------ Data

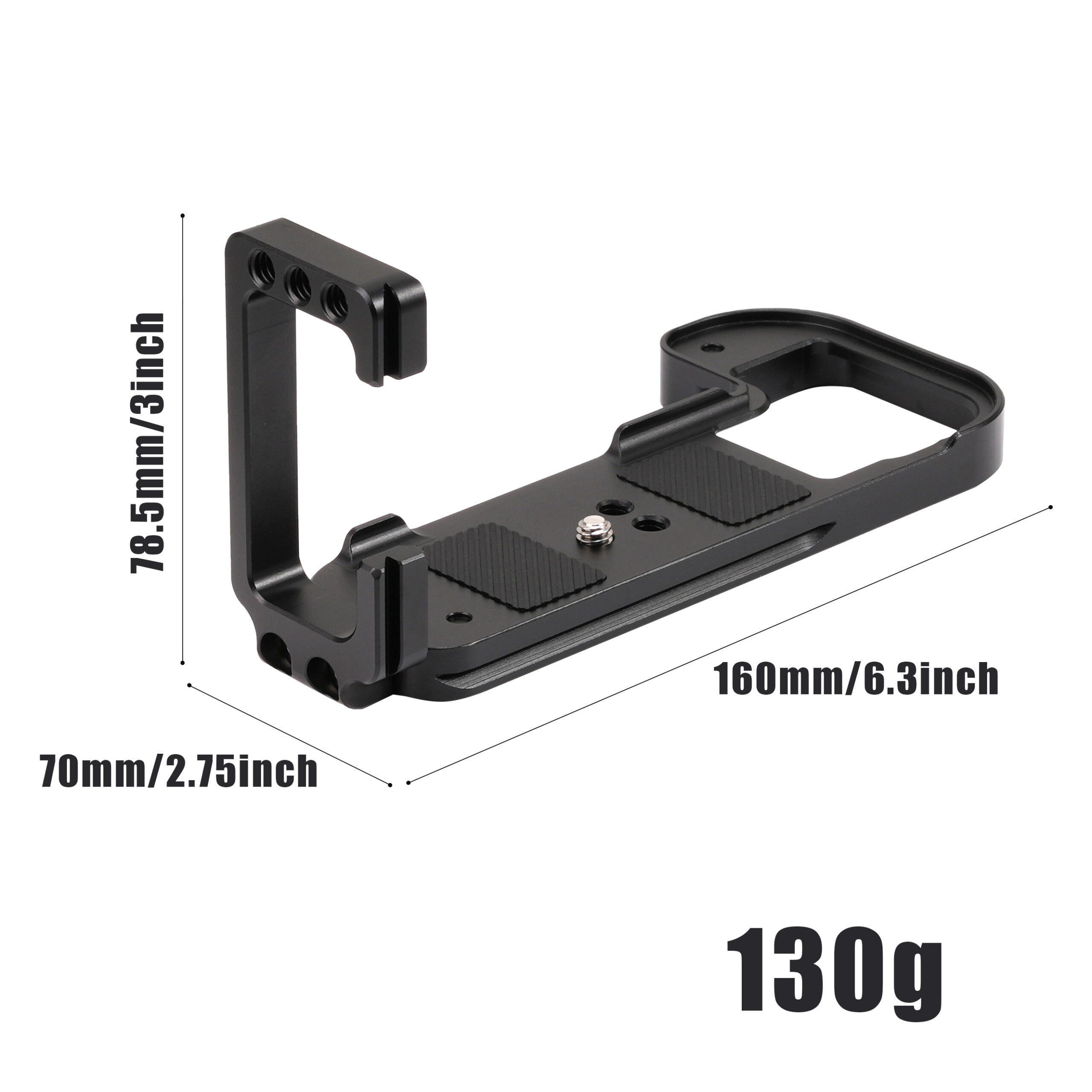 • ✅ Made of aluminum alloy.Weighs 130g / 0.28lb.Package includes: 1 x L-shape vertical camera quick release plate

------------
------ Data

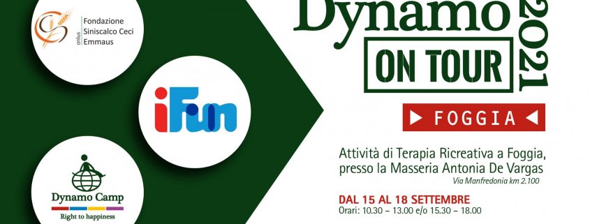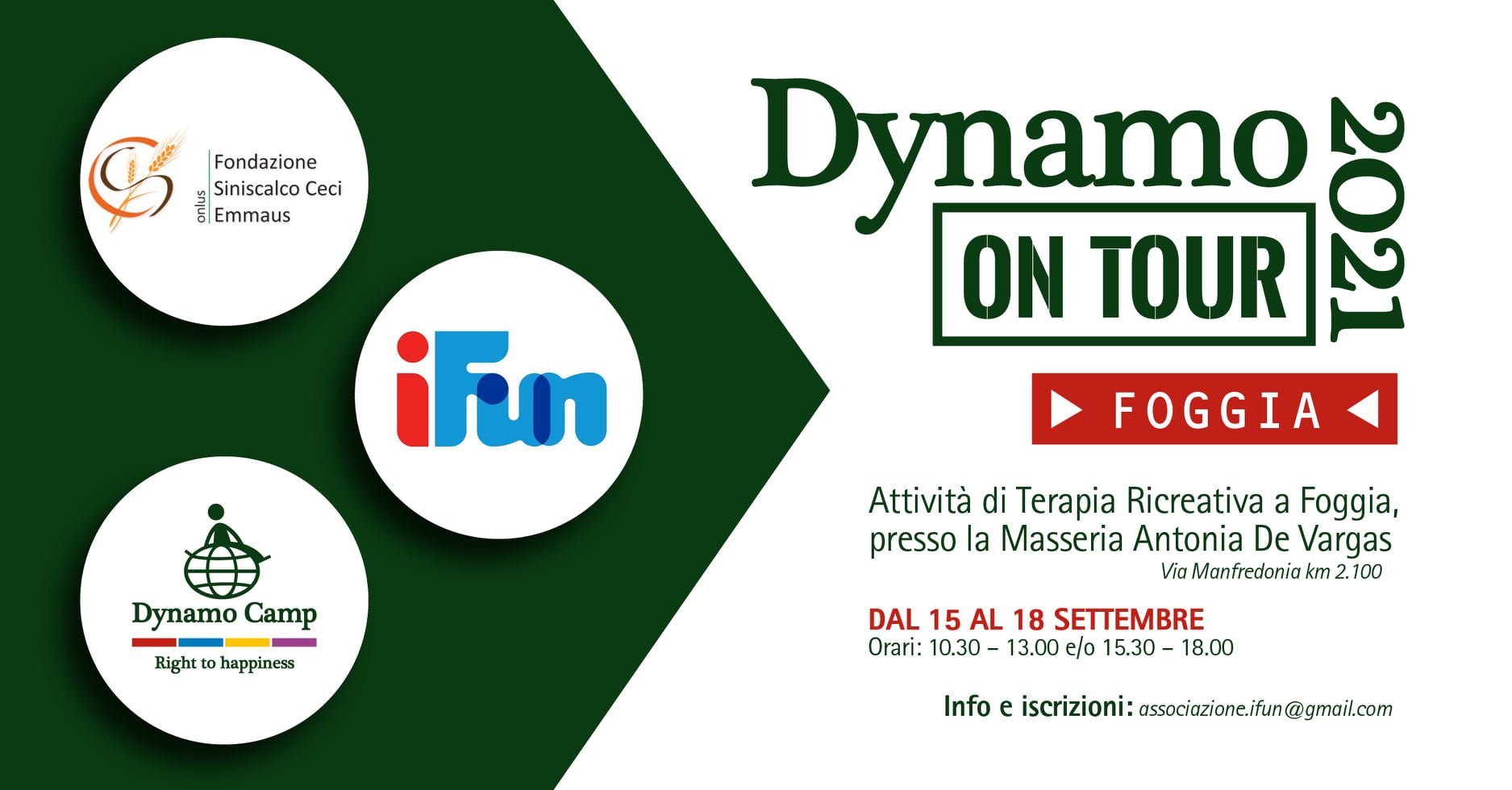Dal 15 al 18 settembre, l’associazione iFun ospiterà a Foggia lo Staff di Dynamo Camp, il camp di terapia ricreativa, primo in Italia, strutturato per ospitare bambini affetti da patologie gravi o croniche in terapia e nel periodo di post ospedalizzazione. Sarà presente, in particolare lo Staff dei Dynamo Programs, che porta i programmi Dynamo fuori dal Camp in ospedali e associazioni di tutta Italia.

------------
------ Data

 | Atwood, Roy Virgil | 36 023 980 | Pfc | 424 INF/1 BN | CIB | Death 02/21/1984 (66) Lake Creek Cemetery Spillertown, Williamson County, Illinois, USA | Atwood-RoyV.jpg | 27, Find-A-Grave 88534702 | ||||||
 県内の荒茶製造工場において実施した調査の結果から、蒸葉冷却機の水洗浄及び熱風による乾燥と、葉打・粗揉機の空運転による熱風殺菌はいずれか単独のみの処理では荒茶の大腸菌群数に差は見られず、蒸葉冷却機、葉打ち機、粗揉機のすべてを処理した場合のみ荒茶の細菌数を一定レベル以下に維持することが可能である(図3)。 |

------------

- Required work
Taking the lines above, repeat exactly those from the line that contains "88534702 | ||||||" through the line that contains "県内の荒茶製造工場において実", and both of those lines as well. Include nothing else.

- Exercise answer
 | Atwood, Roy Virgil | 36 023 980 | Pfc | 424 INF/1 BN | CIB | Death 02/21/1984 (66) Lake Creek Cemetery Spillertown, Williamson County, Illinois, USA | Atwood-RoyV.jpg | 27, Find-A-Grave 88534702 | ||||||
 県内の荒茶製造工場において実施した調査の結果から、蒸葉冷却機の水洗浄及び熱風による乾燥と、葉打・粗揉機の空運転による熱風殺菌はいずれか単独のみの処理では荒茶の大腸菌群数に差は見られず、蒸葉冷却機、葉打ち機、粗揉機のすべてを処理した場合のみ荒茶の細菌数を一定レベル以下に維持することが可能である(図3)。 |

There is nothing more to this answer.